The expected answer is the data below, printed verbatim without its pictures.

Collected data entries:
________________

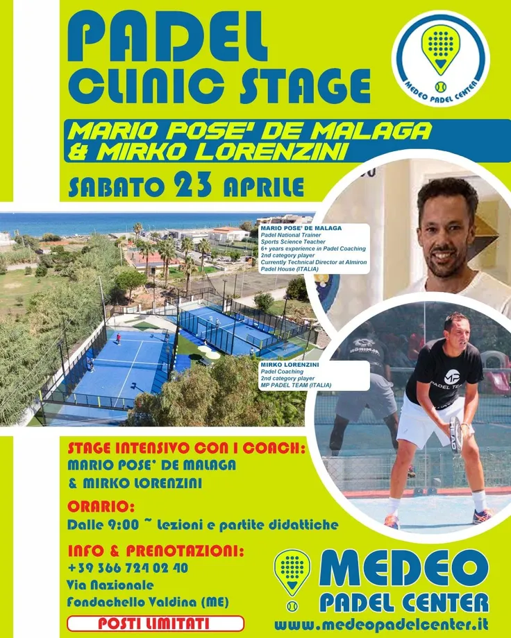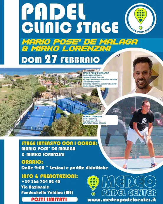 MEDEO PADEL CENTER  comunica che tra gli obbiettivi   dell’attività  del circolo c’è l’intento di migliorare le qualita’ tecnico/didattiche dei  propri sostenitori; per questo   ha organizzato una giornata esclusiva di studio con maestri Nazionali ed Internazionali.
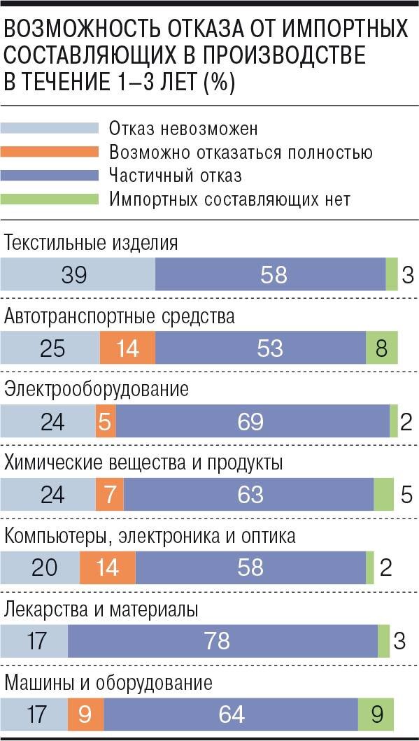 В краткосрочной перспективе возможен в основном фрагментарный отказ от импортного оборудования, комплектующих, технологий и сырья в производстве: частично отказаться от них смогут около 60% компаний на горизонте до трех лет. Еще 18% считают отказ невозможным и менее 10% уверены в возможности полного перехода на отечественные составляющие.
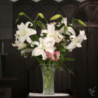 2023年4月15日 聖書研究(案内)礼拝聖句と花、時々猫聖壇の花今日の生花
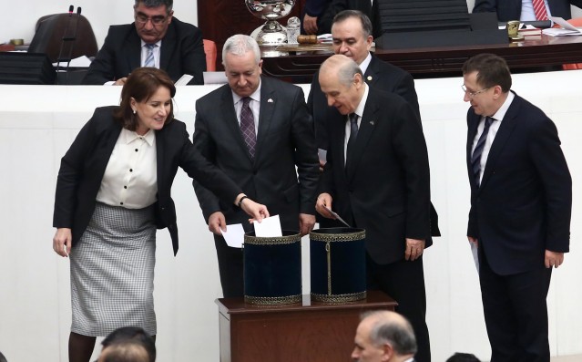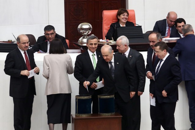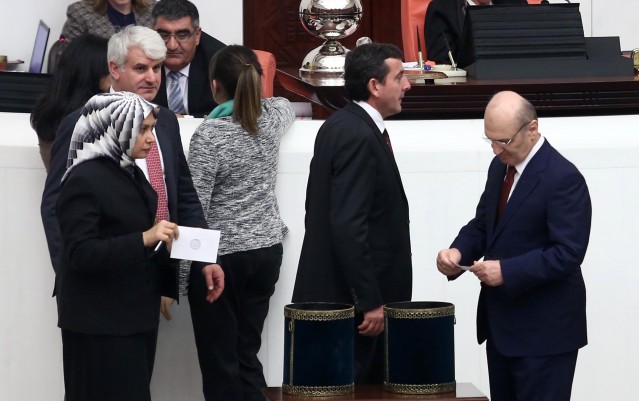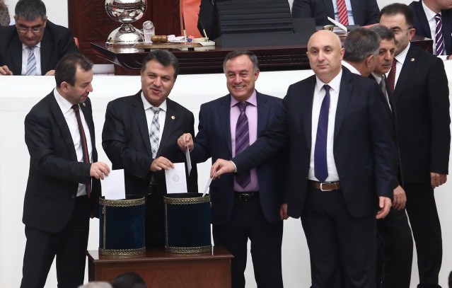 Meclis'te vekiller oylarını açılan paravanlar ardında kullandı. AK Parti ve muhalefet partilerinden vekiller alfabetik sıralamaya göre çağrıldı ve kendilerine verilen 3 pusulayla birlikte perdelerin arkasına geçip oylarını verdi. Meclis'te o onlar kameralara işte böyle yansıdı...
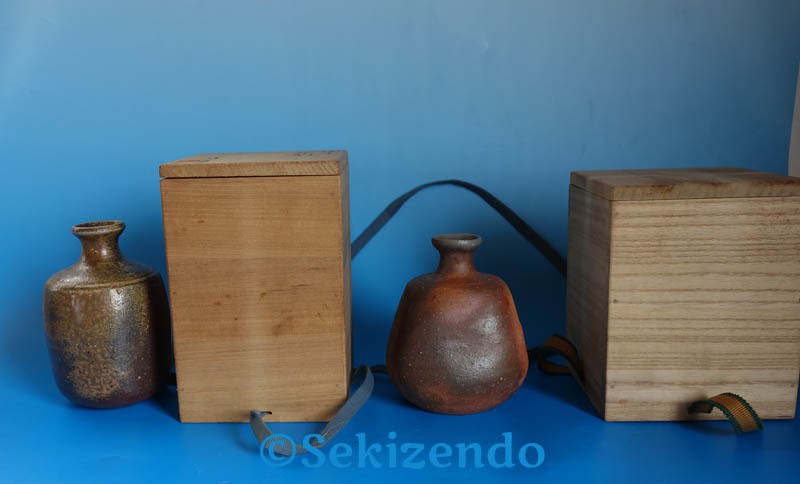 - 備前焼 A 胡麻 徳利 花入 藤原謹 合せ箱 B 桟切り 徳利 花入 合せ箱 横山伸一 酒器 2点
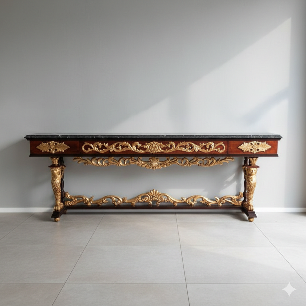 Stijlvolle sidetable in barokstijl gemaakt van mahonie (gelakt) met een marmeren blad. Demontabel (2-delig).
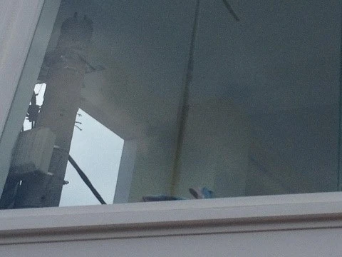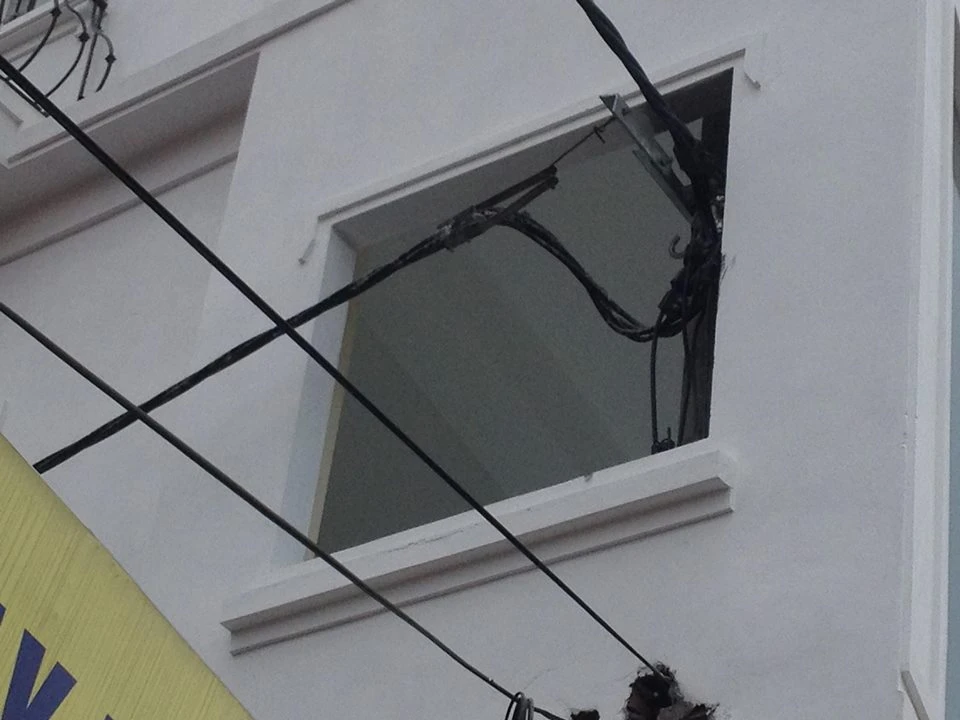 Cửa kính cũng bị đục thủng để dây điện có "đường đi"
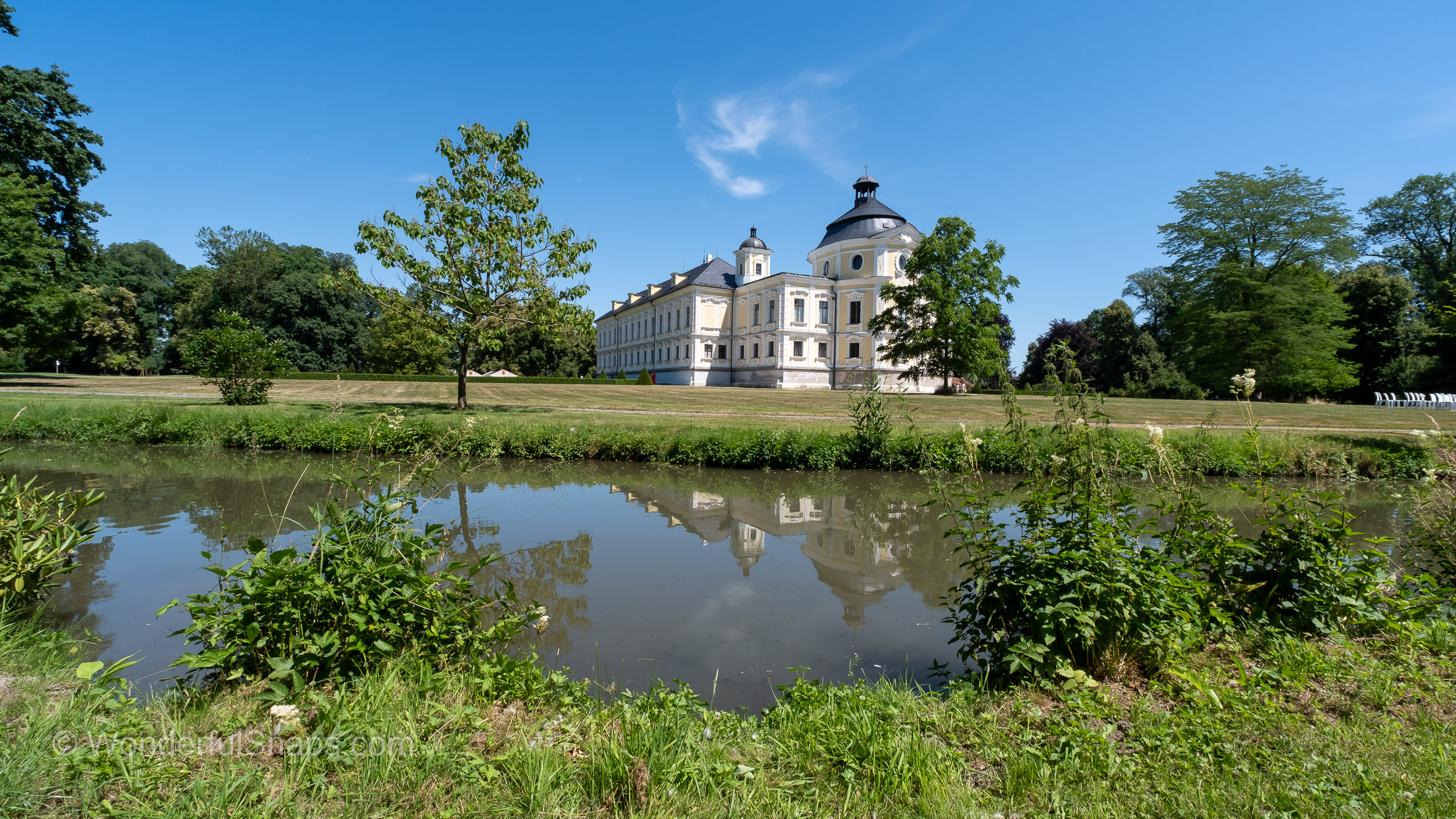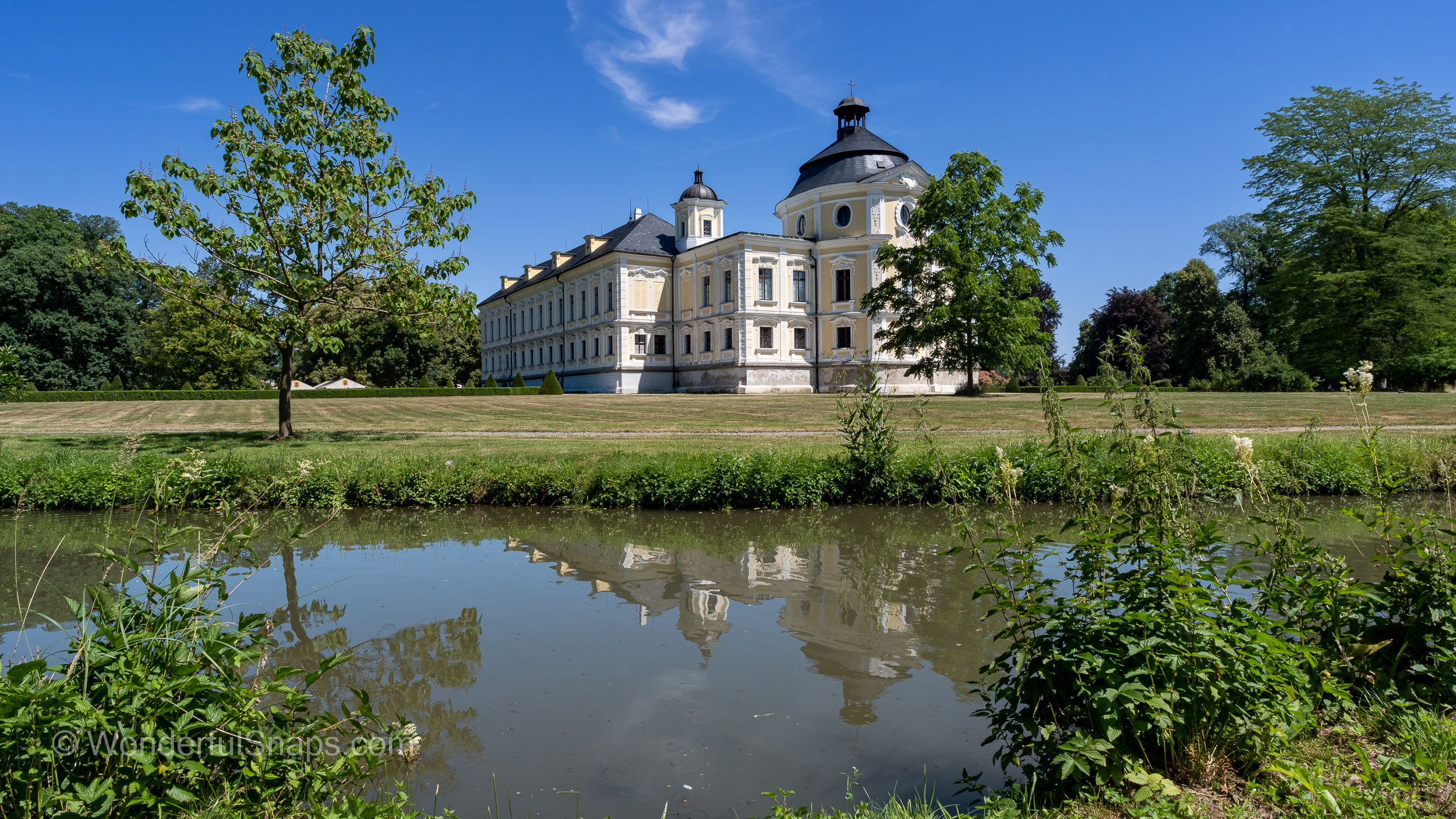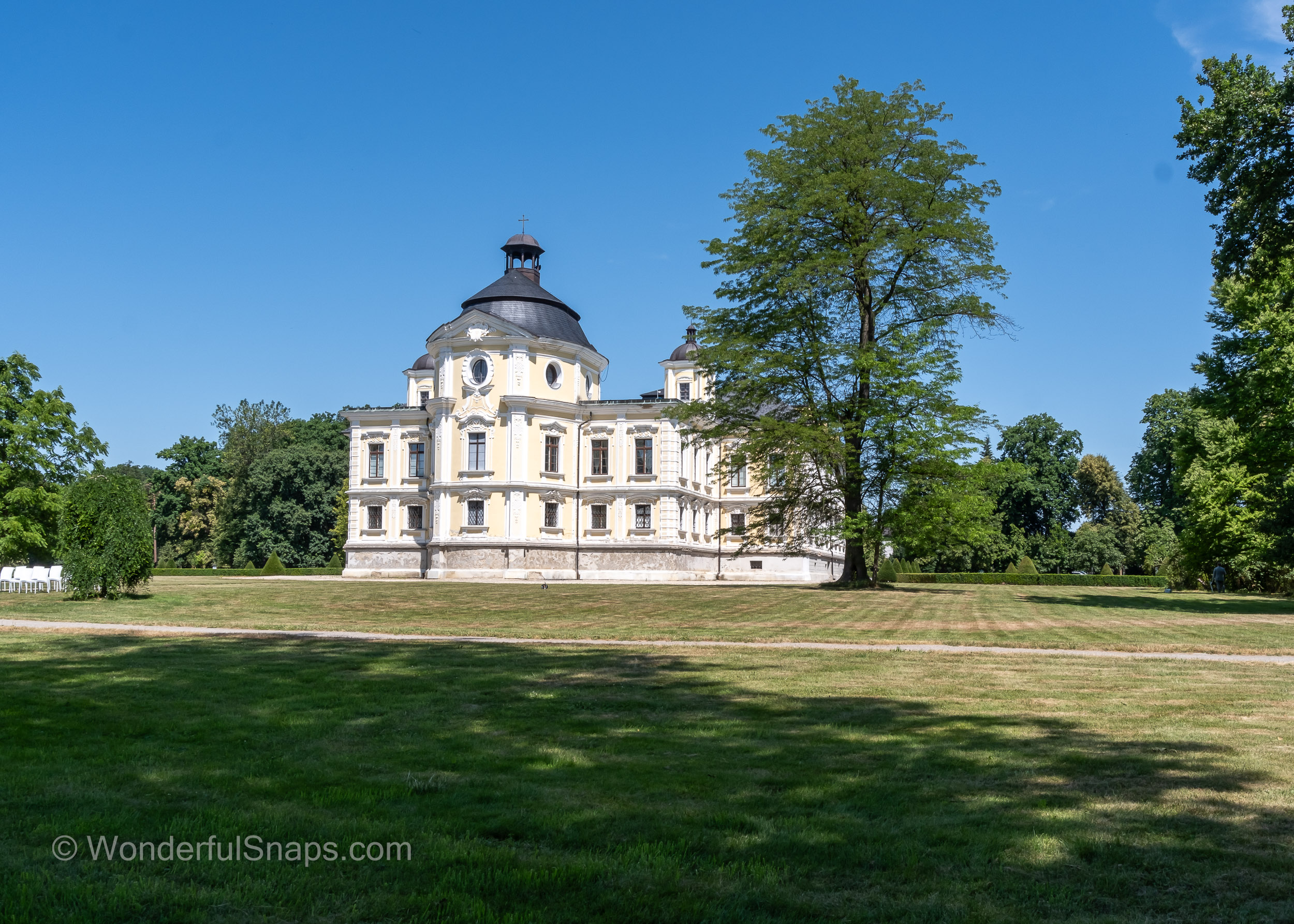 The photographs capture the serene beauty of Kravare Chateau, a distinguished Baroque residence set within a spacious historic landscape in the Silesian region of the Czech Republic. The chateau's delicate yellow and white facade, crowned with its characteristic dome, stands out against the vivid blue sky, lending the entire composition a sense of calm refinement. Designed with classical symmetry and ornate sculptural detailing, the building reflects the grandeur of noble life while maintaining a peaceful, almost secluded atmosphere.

________________

[Written response]
 MEDEO PADEL CENTER  comunica che tra gli obbiettivi   dell’attività  del circolo c’è l’intento di migliorare le qualita’ tecnico/didattiche dei  propri sostenitori; per questo   ha organizzato una giornata esclusiva di studio con maestri Nazionali ed Internazionali.
 В краткосрочной перспективе возможен в основном фрагментарный отказ от импортного оборудования, комплектующих, технологий и сырья в производстве: частично отказаться от них смогут около 60% компаний на горизонте до трех лет. Еще 18% считают отказ невозможным и менее 10% уверены в возможности полного перехода на отечественные составляющие.
 2023年4月15日 聖書研究(案内)礼拝聖句と花、時々猫聖壇の花今日の生花
 Meclis'te vekiller oylarını açılan paravanlar ardında kullandı. AK Parti ve muhalefet partilerinden vekiller alfabetik sıralamaya göre çağrıldı ve kendilerine verilen 3 pusulayla birlikte perdelerin arkasına geçip oylarını verdi. Meclis'te o onlar kameralara işte böyle yansıdı...
 - 備前焼 A 胡麻 徳利 花入 藤原謹 合せ箱 B 桟切り 徳利 花入 合せ箱 横山伸一 酒器 2点
 Stijlvolle sidetable in barokstijl gemaakt van mahonie (gelakt) met een marmeren blad. Demontabel (2-delig).
 Cửa kính cũng bị đục thủng để dây điện có "đường đi"
 The photographs capture the serene beauty of Kravare Chateau, a distinguished Baroque residence set within a spacious historic landscape in the Silesian region of the Czech Republic. The chateau's delicate yellow and white facade, crowned with its characteristic dome, stands out against the vivid blue sky, lending the entire composition a sense of calm refinement. Designed with classical symmetry and ornate sculptural detailing, the building reflects the grandeur of noble life while maintaining a peaceful, almost secluded atmosphere.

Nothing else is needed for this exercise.